Directions: Without the pictures, retype exactly the lines from the top of the entries below through the line that contains "6. Đặt câu thể".

==============================

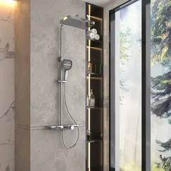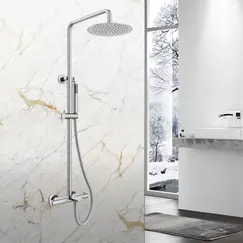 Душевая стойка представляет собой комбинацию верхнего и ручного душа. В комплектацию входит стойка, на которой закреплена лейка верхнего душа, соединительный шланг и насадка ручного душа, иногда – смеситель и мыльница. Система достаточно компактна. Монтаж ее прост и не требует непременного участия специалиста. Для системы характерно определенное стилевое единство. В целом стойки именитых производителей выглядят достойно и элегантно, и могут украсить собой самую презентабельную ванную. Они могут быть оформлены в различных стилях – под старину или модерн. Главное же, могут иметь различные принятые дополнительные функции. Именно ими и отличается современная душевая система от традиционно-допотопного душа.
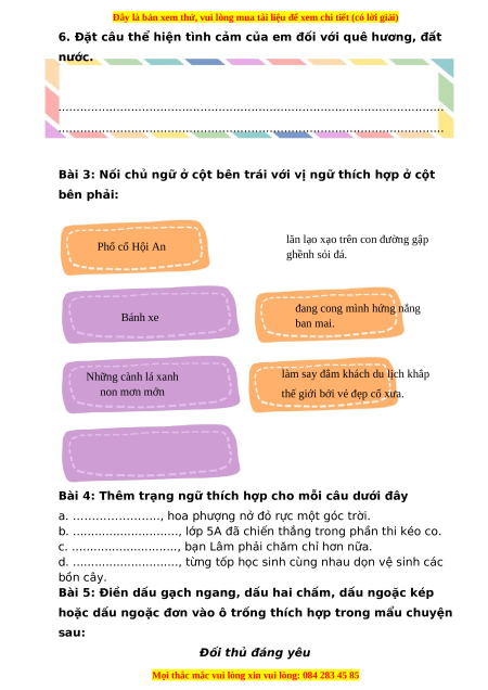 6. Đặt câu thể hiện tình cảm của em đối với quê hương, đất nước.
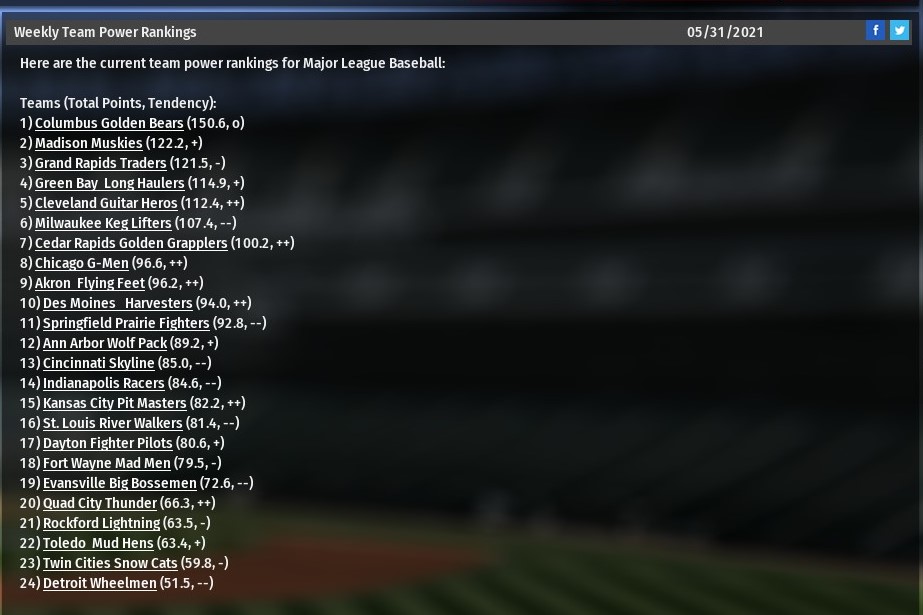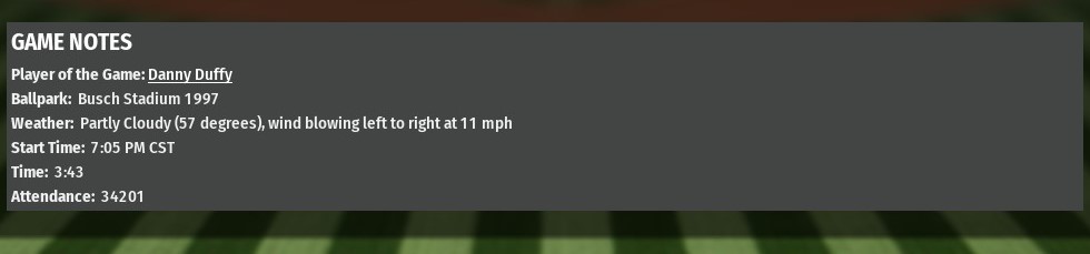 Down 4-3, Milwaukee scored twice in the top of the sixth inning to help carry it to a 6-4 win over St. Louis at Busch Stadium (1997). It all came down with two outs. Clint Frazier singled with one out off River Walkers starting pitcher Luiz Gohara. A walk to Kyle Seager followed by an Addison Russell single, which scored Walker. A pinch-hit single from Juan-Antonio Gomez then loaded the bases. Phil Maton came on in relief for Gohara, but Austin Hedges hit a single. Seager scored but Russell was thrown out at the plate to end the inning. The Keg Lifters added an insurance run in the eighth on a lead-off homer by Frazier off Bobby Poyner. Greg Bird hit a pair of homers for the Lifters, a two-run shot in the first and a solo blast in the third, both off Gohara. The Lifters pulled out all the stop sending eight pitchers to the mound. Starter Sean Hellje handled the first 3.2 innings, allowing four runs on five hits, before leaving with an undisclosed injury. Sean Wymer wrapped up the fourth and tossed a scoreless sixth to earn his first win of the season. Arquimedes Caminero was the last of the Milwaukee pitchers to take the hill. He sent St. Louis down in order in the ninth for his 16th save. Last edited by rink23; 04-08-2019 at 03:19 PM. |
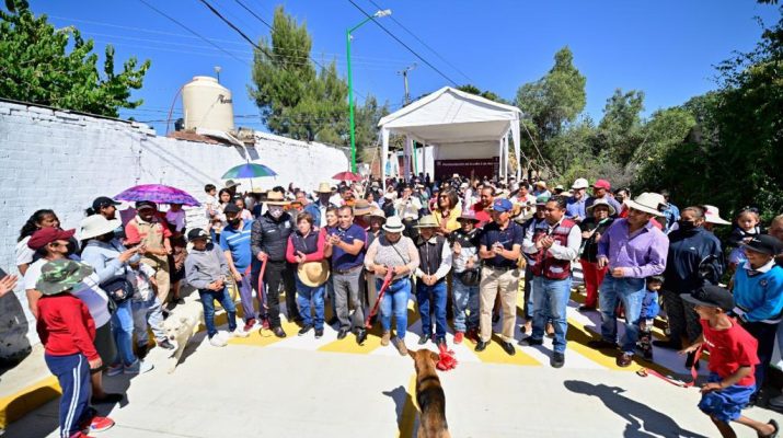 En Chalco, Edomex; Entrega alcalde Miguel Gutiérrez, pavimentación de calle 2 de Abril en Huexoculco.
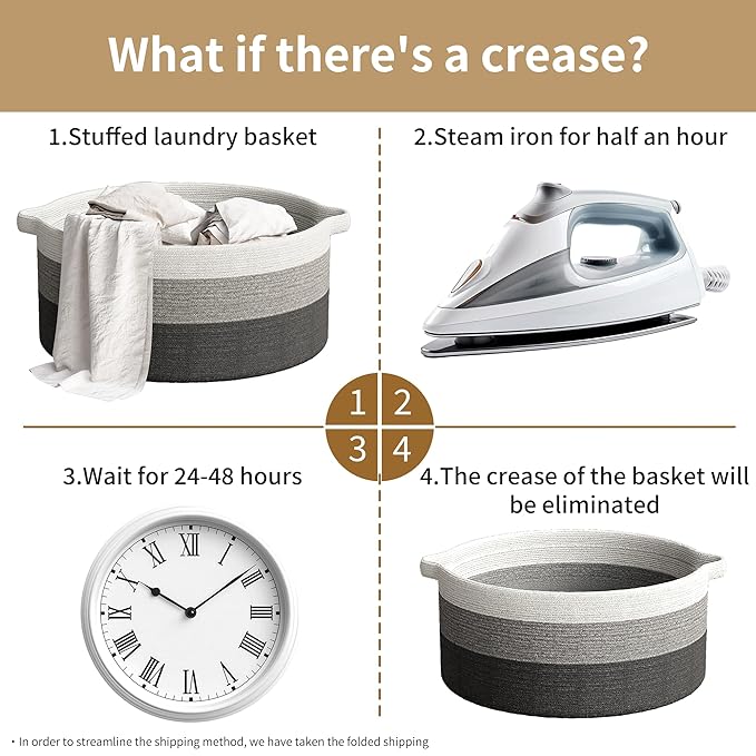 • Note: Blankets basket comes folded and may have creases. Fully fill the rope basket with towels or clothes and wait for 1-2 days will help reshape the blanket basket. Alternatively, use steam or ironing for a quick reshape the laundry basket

==============================

Result:
 Душевая стойка представляет собой комбинацию верхнего и ручного душа. В комплектацию входит стойка, на которой закреплена лейка верхнего душа, соединительный шланг и насадка ручного душа, иногда – смеситель и мыльница. Система достаточно компактна. Монтаж ее прост и не требует непременного участия специалиста. Для системы характерно определенное стилевое единство. В целом стойки именитых производителей выглядят достойно и элегантно, и могут украсить собой самую презентабельную ванную. Они могут быть оформлены в различных стилях – под старину или модерн. Главное же, могут иметь различные принятые дополнительные функции. Именно ими и отличается современная душевая система от традиционно-допотопного душа.
 6. Đặt câu thể hiện tình cảm của em đối với quê hương, đất nước.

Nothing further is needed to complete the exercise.